UN Human Rights Report Findings

The latest UN Human Rights Office mid-year report (Jan–Jun 2025) underscores the catastrophic scale of atrocities in Sudan. In just six months, 3,384 civilians were killed, with the highest tolls in North Darfur, Kordofan, and Khartoum. The report documents 990 unlawful killings outside direct combat, 228 cases of conflict-related sexual violence (the majority committed by the RSF), and widespread child recruitment of boys as young as 12. Humanitarian workers have been directly targeted, with 30+ aid staff killed and a UN convoy destroyed by a drone attack. The siege of El Fasher continues to drive famine-like conditions, with only 20–30% of health facilities functional nationwide and 24.6 million people facing acute food insecurity, including 637,000 in famine-like conditions. These figures confirm the ongoing genocide: civilians are being killed not only by bombs and bullets, but also through starvation, disease, and systematic denial of aid.

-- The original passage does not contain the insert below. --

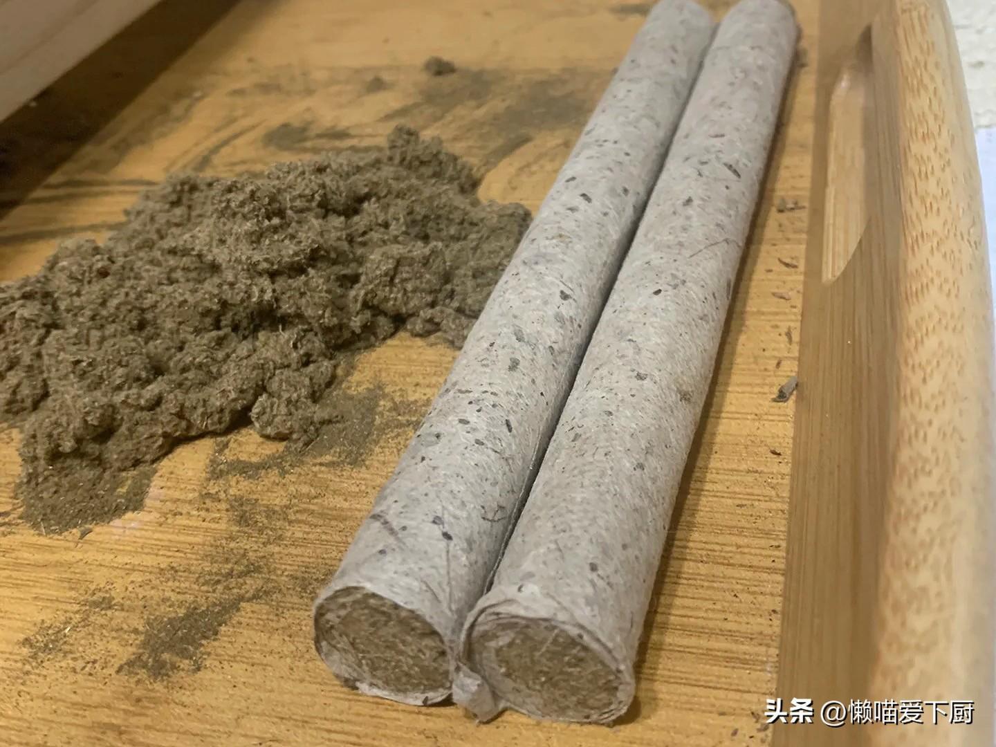 曬乾的艾草只用艾葉部分,記得要將莖稈挑揀出來,用手將艾草搓成絨狀,覺得費勁的話也可以直接用打粉機攪碎,然後過篩掉艾粉,只留下艾絨,再準備一些捲紙筒,將艾絨塞進去,壓實後封口即可。

DWAG urges the United Nations, regional organizations, and all member states to:

The suffering of civilians in Sudan has reached intolerable levels. Darfur, Kordofan, and Khartoum have become sites of daily massacres, siege-induced famine, and the deliberate targeting of markets, mosques, and displacement camps. These atrocities are not isolated events but part of a systematic and ongoing genocide. The international community can no longer respond with words alone. Under international law, when civilians are under attack and grave crimes are being committed, the world has a duty to act. DWAG calls on all leaders to fulfill that obligation now to protect the vulnerable, to end impunity, and to deliver the lifesaving aid and justice Sudan’s people so desperately need.